Kampania przedwyborcza przybiera na sile, choć nikt nie wie, czy jakieś fatum nie stanie na przeszkodzie wyznaczeniu daty wyborów połączonych ewentualnie z referendalną legitymacją dotychczasowych rządów (relokacja migrantów jest jedynie pretekstem).
Jeśli już to nastąpi, szykuje się w polskim krajobrazie politycznym wystąpienie iście „diabelskiego wynalazku”, kiedy wynik głosowania ludowego może być sprzeczny z dokonanym przez lud wyborem większości parlamentarnej. Co wówczas orzekną służebni wobec władzy sędziowie trybunałów? Który wynik głosowań będzie ważniejszy? Może wyjściem z patowej sytuacji będzie jakiś „kabaretowy” zamach stanu? Patrząc na skłóconą scenę polityczną, wszystko wydaje się możliwe.
Zwłaszcza, iż nie brakuje „wzorów” płynących z Francji czy USA, gdzie „najwspanialsze” demokratyczne modele ustrojowe zaczynają trząść się w posadach. Narasta ruch antyestablishmentowy i populistyczny, a widmo „bratobójczych” wojen nie jest bynajmniej wymysłem rosyjskiej propagandy. Zdają sobie z tego sprawę władze państw zachodnich, ale sprytnie wolą odwracać uwagę od własnych problemów w stronę „dyktatorskiej” Rosji.

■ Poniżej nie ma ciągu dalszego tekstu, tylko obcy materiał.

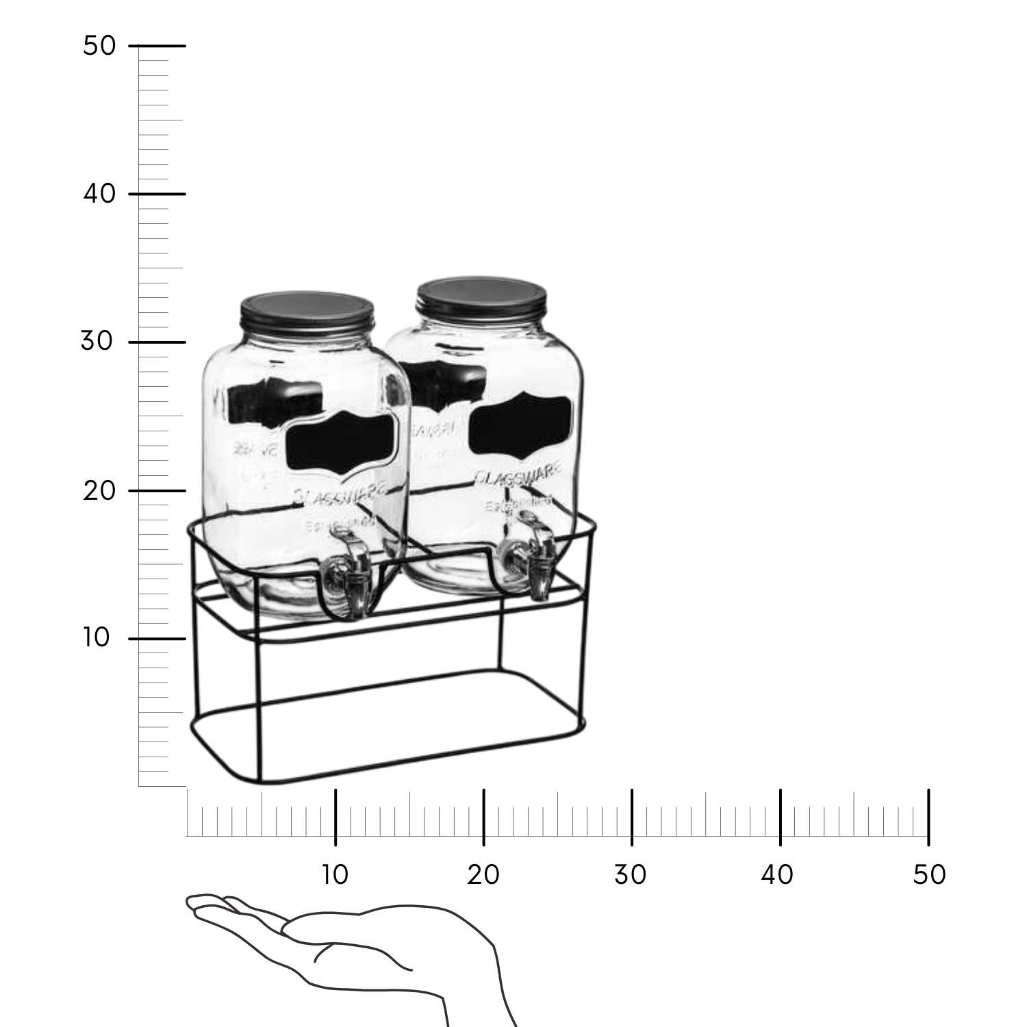 Sada skleněných nádob na nápoje s kohoutkem na stojanu značky 5five simply smart je nepostradatelným doplňkem každé úspěšné oslavy – přináší pohodlí, atraktivní vzhled a funkčnost, kterou ocení jak domácí, tak vaši hosté.

Tak więc wojna na Ukrainie dostarcza alibi, aby w razie potrzeby manipulować egzystencjalnym zagrożeniem własnego narodu. A zatem w imię przetrwania polskiego państwa, irracjonalnie poświęcającego swoje zasoby w obronie sąsiada przed rosyjską agresją, „wolne wybory” można tak zmanipulować i ograniczyć, aby służyły zwycięstwu dotychczasowej władzy. Takie stanowisko może wywołać całkowitą „bezwładność” opozycji, która dotąd nie wygenerowała samodzielnego stanowiska wobec totalnego wprzęgania Polski w awanturnictwo wojenne na Wschodzie.

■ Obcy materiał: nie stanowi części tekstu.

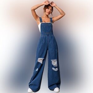 Like NEW Wide Leg Denim flare, TALL girl friendly Overalls Sz medium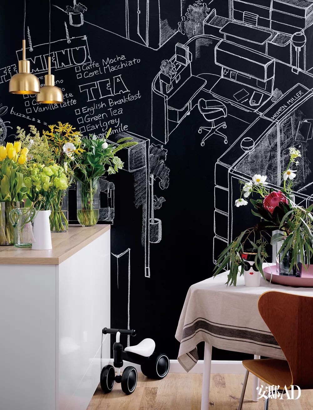 她将厨房从封闭式改造成开放式,以便在打理家务时可以与家人聊天,和宝宝交流;餐厅里摆放着一张既可喝酒聊天,又可用于工作阅读的大餐桌;餐厅的墙上设计了一块黑板,有朋友做客时,她会像咖啡馆一样,在黑板上写好家里可供应的饮品,咖啡、茶的种类。

Pasywna postawa i nieporadność w sprawie szalejącej rusofobii pokazuje, jak kiepsko przygotowani są antypisowscy politycy do sprawowania ról publicznych. Nie potrafią merytorycznie argumentować ani odważnie uzasadniać odmiennych racji. Brak im perswazyjności i polotu polemicznego, opartego na wiedzy, a nie na demagogii. Co gorsza, nie potrafią skutecznie obronić swoich decyzji z przeszłości, pozwalając na osaczanie ich przez propagandowych „zagończyków”, prowadzących nową krucjatę rozliczeń. Są po prostu niegramotni i nieskuteczni.

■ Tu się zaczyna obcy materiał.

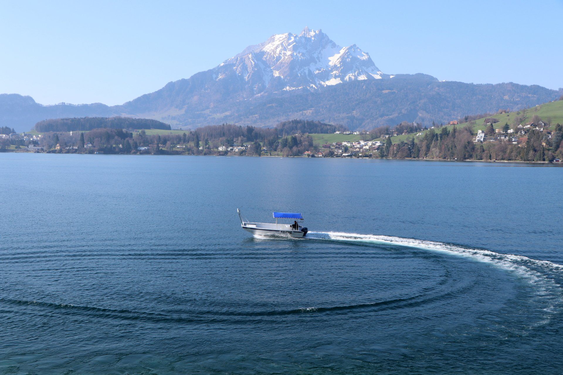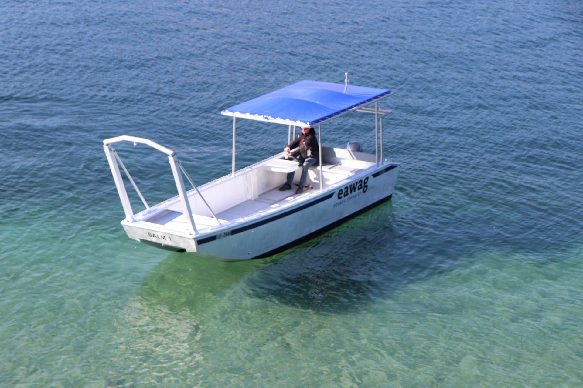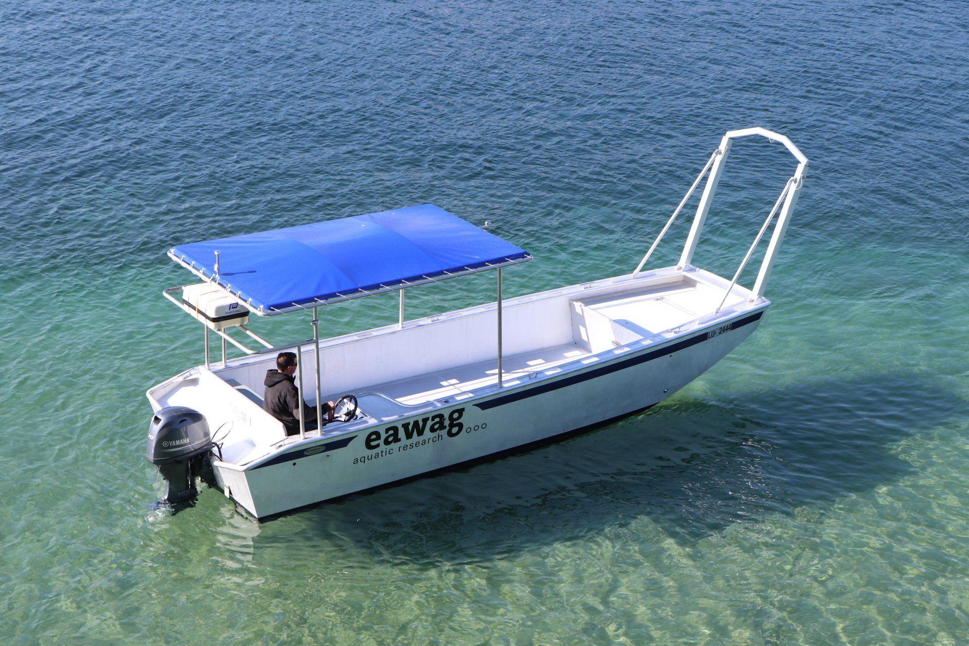 Das Arbeitsboot ist komplett selbstlenzend und unsinkbar. A-Frame am Bug dient als Kran zum Arbeiten über dem Bug. Die Katamaran-Bauform ermöglicht eine hohe Stabilität und eine solide Kursfahrt.

Błędem jest, gdy opozycja polityczna zadowala się fasadowymi konsultacjami podczas posiedzeń Rady Bezpieczeństwa Narodowego. Jej liderzy wraz z ekspertami powinni zaproponować wyraźną korektę doktryny obronnej RP, w której na pierwszym miejscu musi bezwzględnie znaleźć się obrona polskiego interesu narodowego. Troska o swój stan posiadania, dobrostan obywateli, całość terytorialną i skuteczność sojuszniczej dźwigni pomocy na wypadek obcej agresji – to są zadania nadrzędne i pierwszoplanowe. Opozycja musi roztropnie dbać – w odróżnieniu od rozhisteryzowanych ośrodków władzy – o zmniejszanie ryzyka uwikłania Polski w wojnę, wskazując na powiązania polskich interesów z bezpieczeństwem świata zachodniego. I tak jak czyni to Zachód, domagać się od Ukrainy spełnienia warunków, związanych z jej naprawą i uregulowaniem stosunków sąsiedzkich, aby państwo to po uzyskaniu zachodnich (amerykańskich) gwarancji bezpieczeństwa (na wzór Izraela?) nie było rozsadnikiem wojny.
Tylko opcja wojenna
Opozycja, choćby z uwagi na międzynarodowe doświadczenie Donalda Tuska, powinna większą wagę przykładać do poszukiwania prób pokojowego uregulowania konfliktu ukraińsko-rosyjskiego. O ile na Zachodzie w różnych kręgach eksperckich z udziałem polityków dywaguje się nad wypracowaniem korzystnej pozycji negocjacyjnej dla Ukrainy, o tyle w Polsce wszystkie siły polityczne, wbrew racjonalnym przesłankom, nawołują do „prowadzenia wojny aż do zwycięstwa”, niezależnie od tego, jakie są dotychczasowe skutki tej katastrofy w skali lokalnej i międzynarodowej.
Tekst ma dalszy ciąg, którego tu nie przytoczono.